從安寨出來,滿桂和劉玉栓沒有停留,他們緊趕慢趕,要是祖大壽已經襲取了子長,他們可就白來了。
但滿桂再著急,也不能迫著士兵在夜晚趕路。山路太崎嶇,連向導都說,夜晚行路太危險,就是本地人,夜晚也不會行路。
山裏說黑就黑,士兵們點起篝火,尋找避風和稍微平整些的地方,搭起軍用帳篷,然後三五成群圍坐在一起,就著篝火,喝涼水啃幹糧。
劉玉閂親自巡視一番,這才來到滿桂的篝火邊:“滿將軍,士兵連續行路、作戰,太辛苦了,我已經安排好了崗哨,讓其餘的士兵早點休息吧!”
“這就算辛苦了?”滿桂的嘴裏還是幹糧,不能張得太大,“想我在遼東的時候,士兵麵對建奴的攻城,能連續七日不眠不休,渴了,吃點冰塊,餓了,啃幾口落餅,困了,靠著城牆打會盹。
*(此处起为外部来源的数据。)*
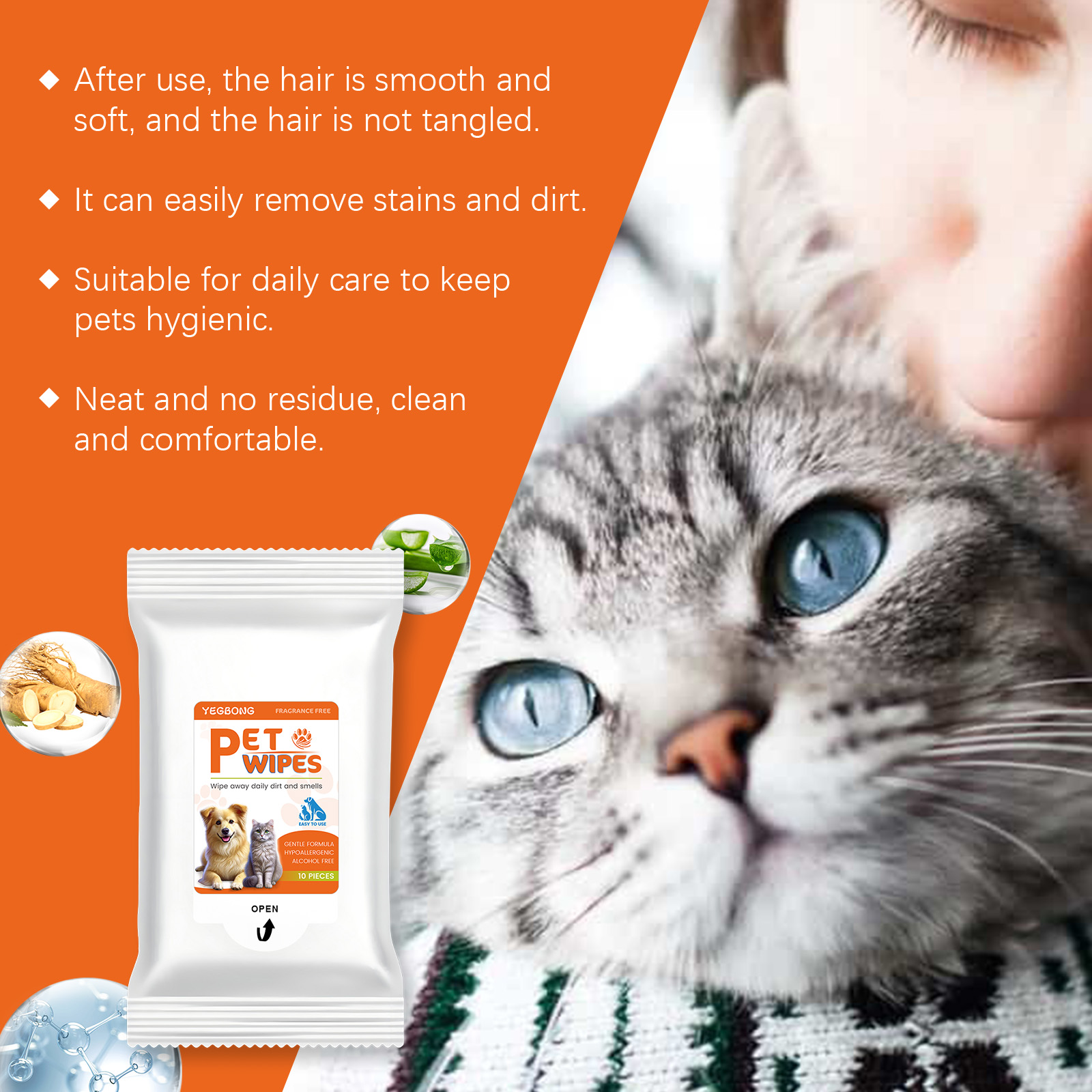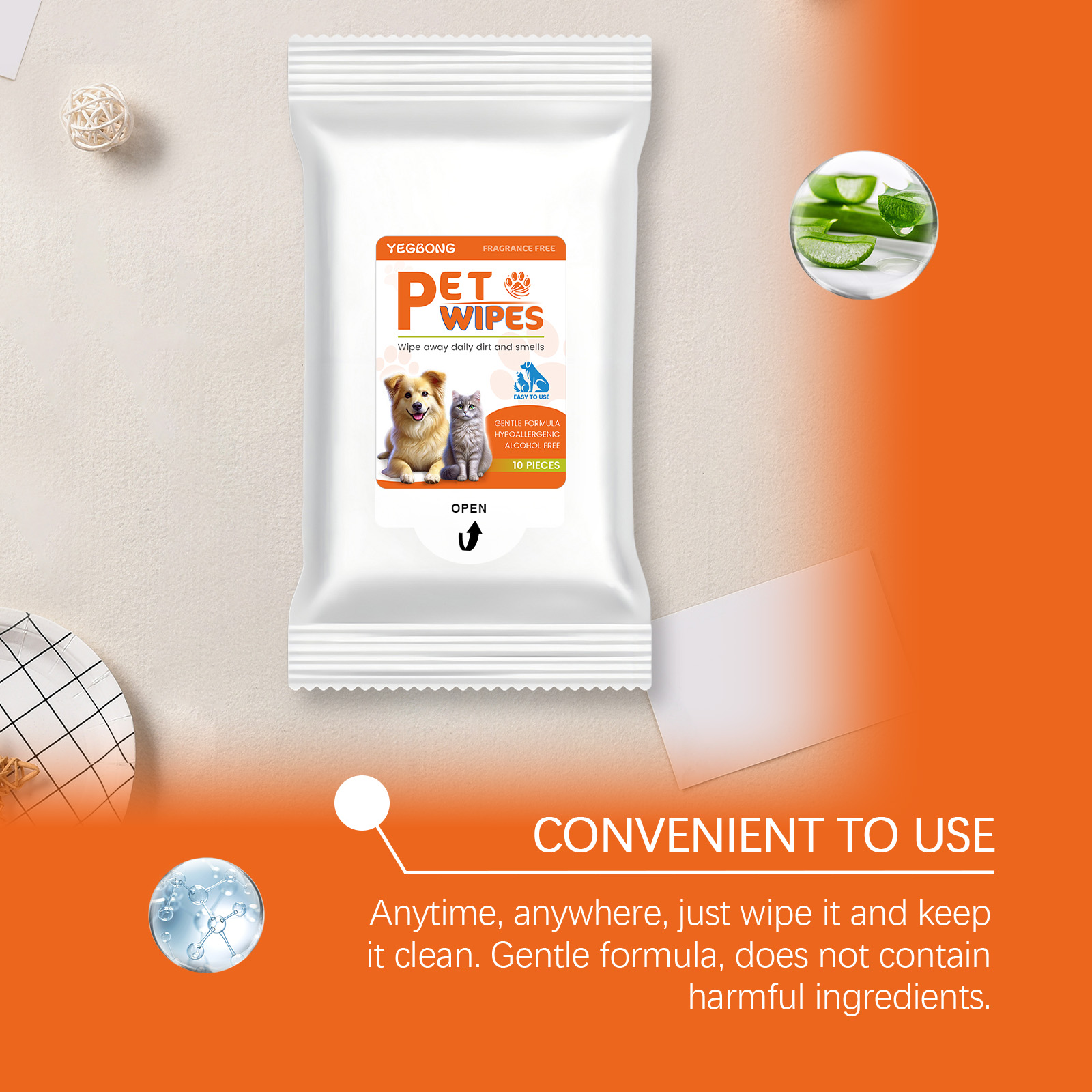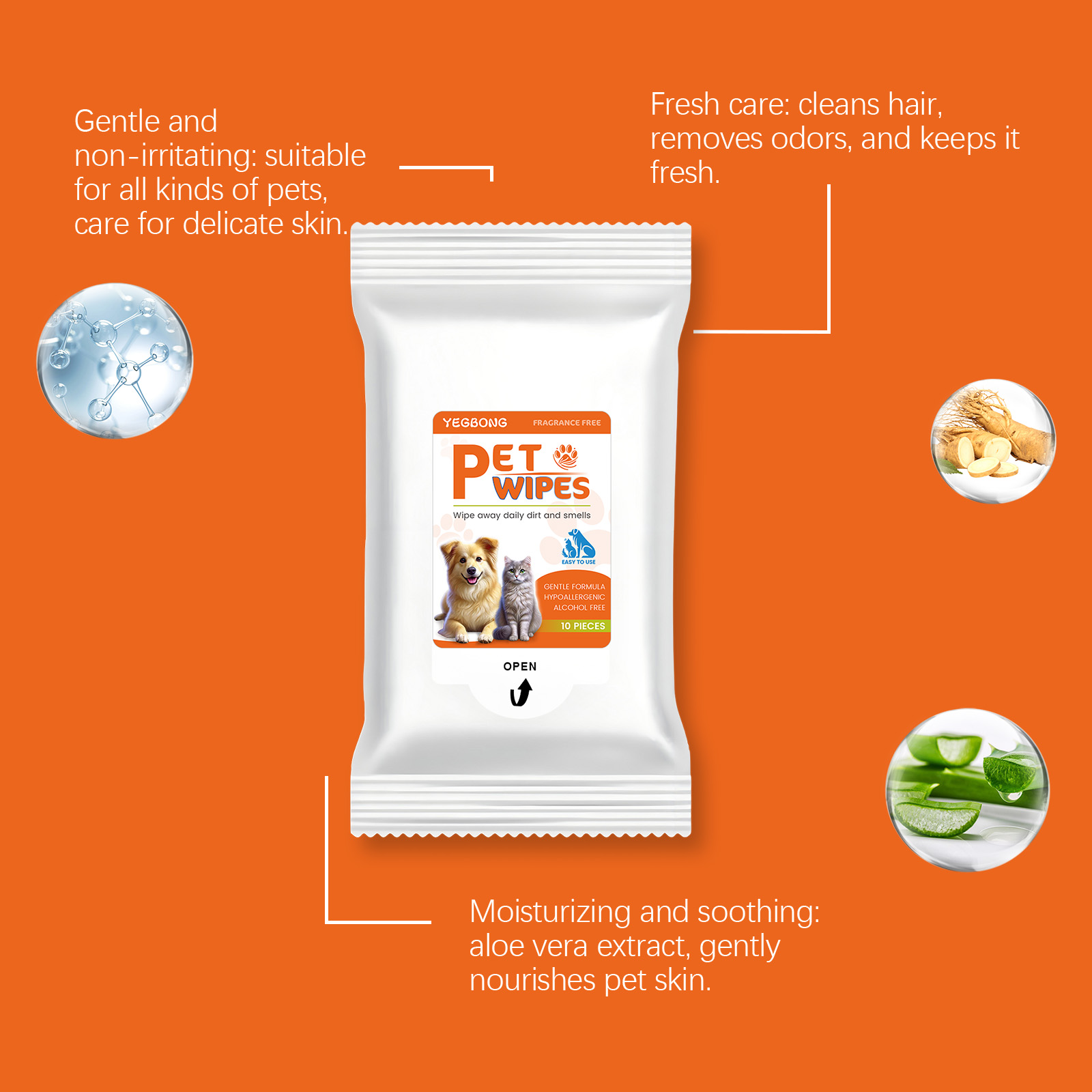 我们的宠物湿巾含有表面活性剂、吸湿剂。它可以有效去除宠物身上的污垢和皮屑,恢复宠物的自然光彩。快速消除异味,留下淡淡的香气,让您的宠物时刻保持清新。它的使用方法很简单:1.打开包装并取出湿巾。2.轻轻擦拭宠物需要清洁的部分。并且可以使用温和无刺激成分,细心呵护宠物娇嫩的肌肤,保持宠物的卫生和健康。

”
“滿將軍,都說建奴凶殘得如同禽獸,他們會把漢人煮了吃,是真的嗎?”劉玉閂在滿桂的身邊坐下來,歪著臉問。
“建奴?”滿桂的眼睛空洞起來,魂魄似乎遊離出去,重新回到遼東,“會不會把人煮了吃,這倒沒聽說過,但他們的凶殘,卻不是你能想象的。”
“滿將軍,那建奴是人嗎?”劉玉閂沒有去過遼東,無論如何,想象不出建奴的樣子。
“咋不是人?他們一樣怕痛,一樣會死,流出的血一樣是紅色的。”滿桂在沉浸在遼東的回憶中。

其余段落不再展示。